The CommandType enumerator has three members: StoredProcedure, TableDirect, and Text. For an OleDbCommand variable, the default value is Text.

 

The Command Text

To specify a command to be performed on a database, you create a string but you have two main alternatives to specify this string.

Instead of declaring an OleDbCommand variable using the default constructor, you can use the second constructor whose syntax is:

public: OleDbCommand(String* cmdText);

This constructor takes as argument a string that is the object of the command. If you had declared the OleDbCommand variable using the default constructor, to specify the command, you can assign a string to the OleDbCommand::CommandText property. We will see various examples of creating such a command text and using it.

 

The Connection to the Command

After creating a command, you must pass it to the database but the command has no way of find that database. The role of the connection, that we discussed earlier, is to carry the command to the database. Remember that the connection knows where the database is, through its data source factor.

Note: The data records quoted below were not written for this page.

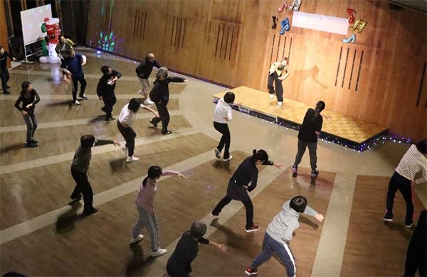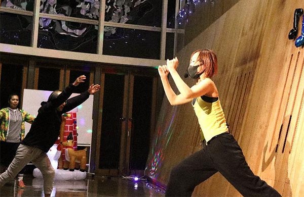夜の開催ということで、イルミネーションやミラーボールなどで会場を飾りいつもと違った雰囲気の中でエアロビクスを楽しみました。クリスマスのポップなノリのよい音楽が流れ、講師の蛯沢さんの掛け声に合わせ、楽しく汗を流しました。初級はゆっくりなテンポで初心者でも分かり易く、中級は複雑な動きも増え、より運動量があがる内容でした。
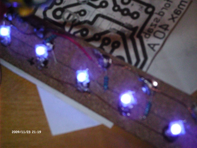 Megépítettem az UV-ledes levilágítómat. Nem volt kedvem nyákot csinálni, meg így olcsóbb is volt úgyhogy "deszkamodellnek" csináltam meg. Egy autó akkuról működtedtetem, de világíthatna erősebben is csak akkut még fel kéne tölteni. Képek: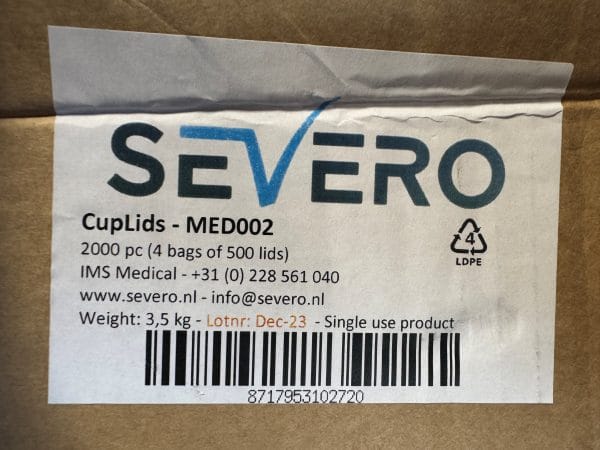 Severo deksels zijn geproduceerd van de hoogste kwaliteit ‘food grade polyproyleen’ zodat deze voldoen aan de hoogste kwaliteitsnormen voor het vermalen van medicijnen. Hierdoor is er maximale veiligheid voor zorggevers en cliënten. De cups zijn bestand tegen het vermalen van de hardste medicatie zonder enige plastic residu, ftalaten of andere contaminanten achter te laten.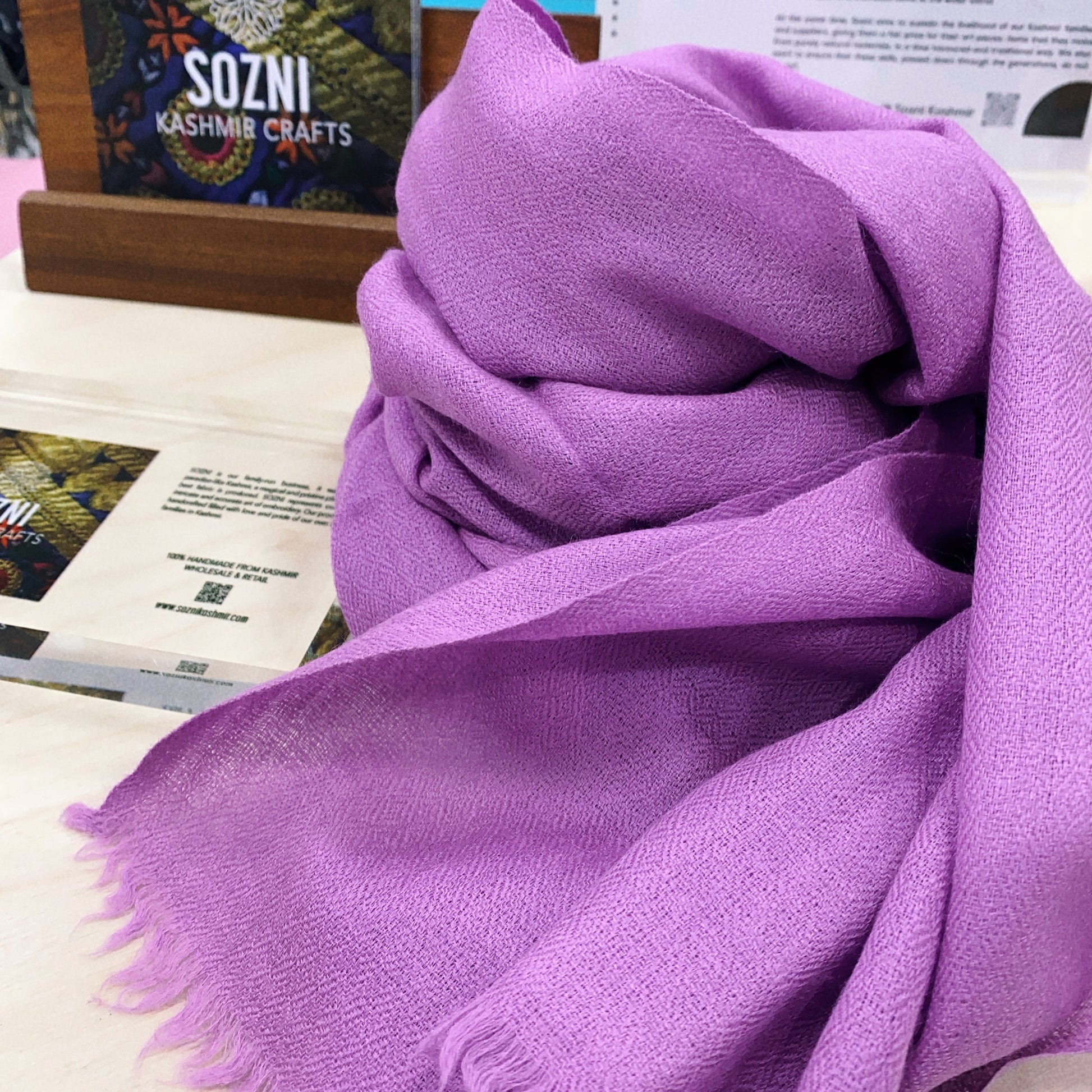 This beautifully crafted Lilac Cashmere Scarf is a perfect accessory for any occasion. Hand woven with cashmere, it is ultra-soft, lightweight, and warm, making it ideal for chilly days. Add a stylish touch to your look with this luxurious scarf.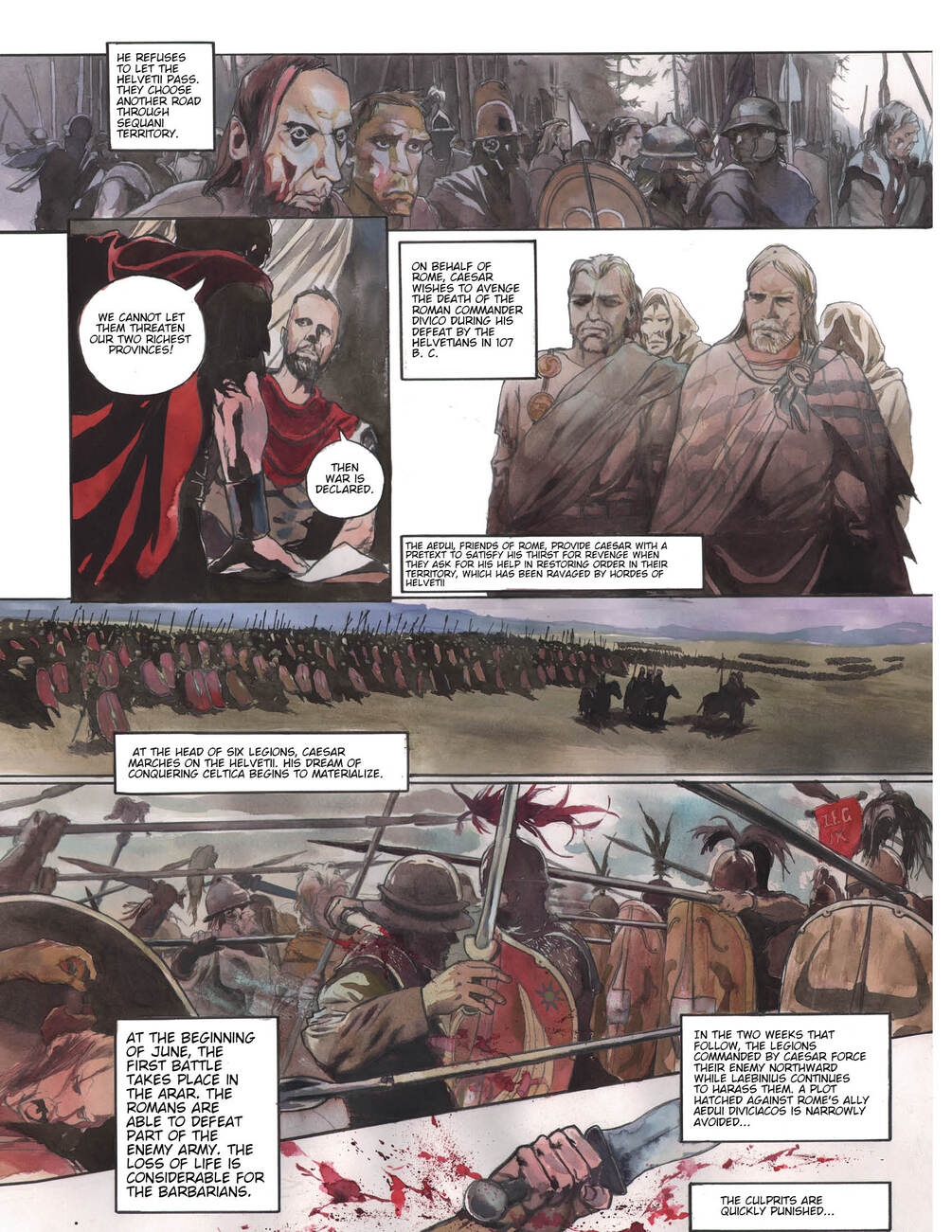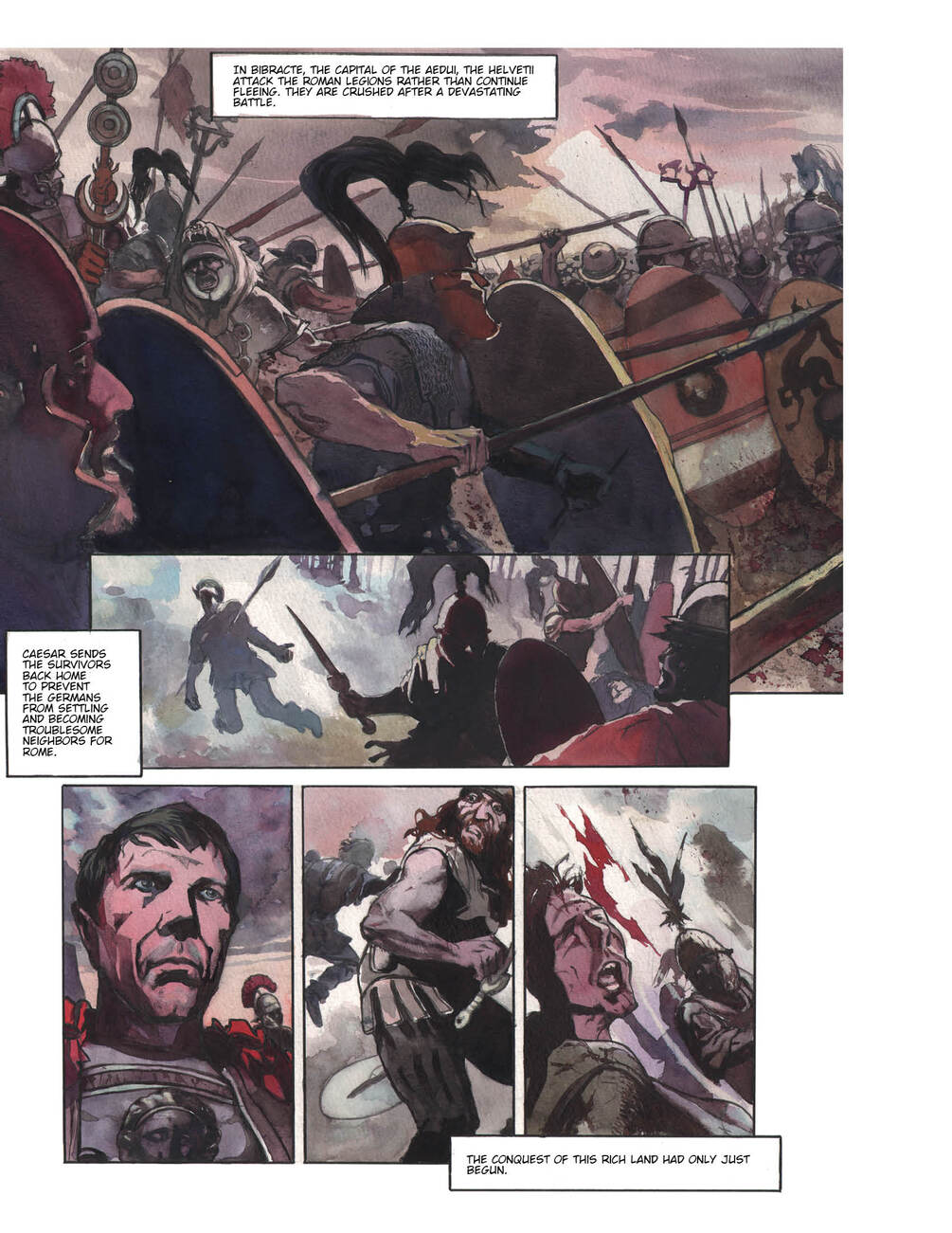 Based on Julius Caesar’s classic and influential Commentarii de Bello Gallico, Conquest: Julius Caesar’s Gallic Wars is one of the best books on Roman history out there today: a 136-page Roman history graphic novel, the first in English to tell the story of Julius Caesar’s conquest of Gaul from 49 B.C. to 52 B.C. in comic book form.

To specify what connection would carry the command, if you decided to create the command using an OleDbCommand constructor other than the default, you can use the third constructor whose syntax is:

public: OleDbCommand(String* cmdText, OleDbConnection* connection);

If you had declared an OleDbCommand variable using its default constructor, to specify the connection, you can assign it to the OleDbCommand::Connection property. In both cases, you must provide an appropriate OleDbConnection value using the techniques we reviewed earlier.

 

The Execution of a Command

After creating the command and passing it to the database through the connection, you can then execute it. To support this, the OleDbCommand class is equipped with a method named ExecuteNonQuery(). Its syntax is:

public: virtual int ExecuteNonQuery();

This method is normally called to execute a command that carries a SQL statement.

 

The Command Timed Out

In some cases, some actions take longer than others to execute. For this type of command, the compiler would keep trying to execute a command until successful. If there is a problem, this operation can take long or too long. You can specify how long the compiler should wait to try executing the command, again.

The OleDbCommand::CommandTimeOut property allows you to specify the time to wait before trying to execute a command. The default value of this property is 30 (seconds). If you want a different value, assign it to your OleDbCommand variable.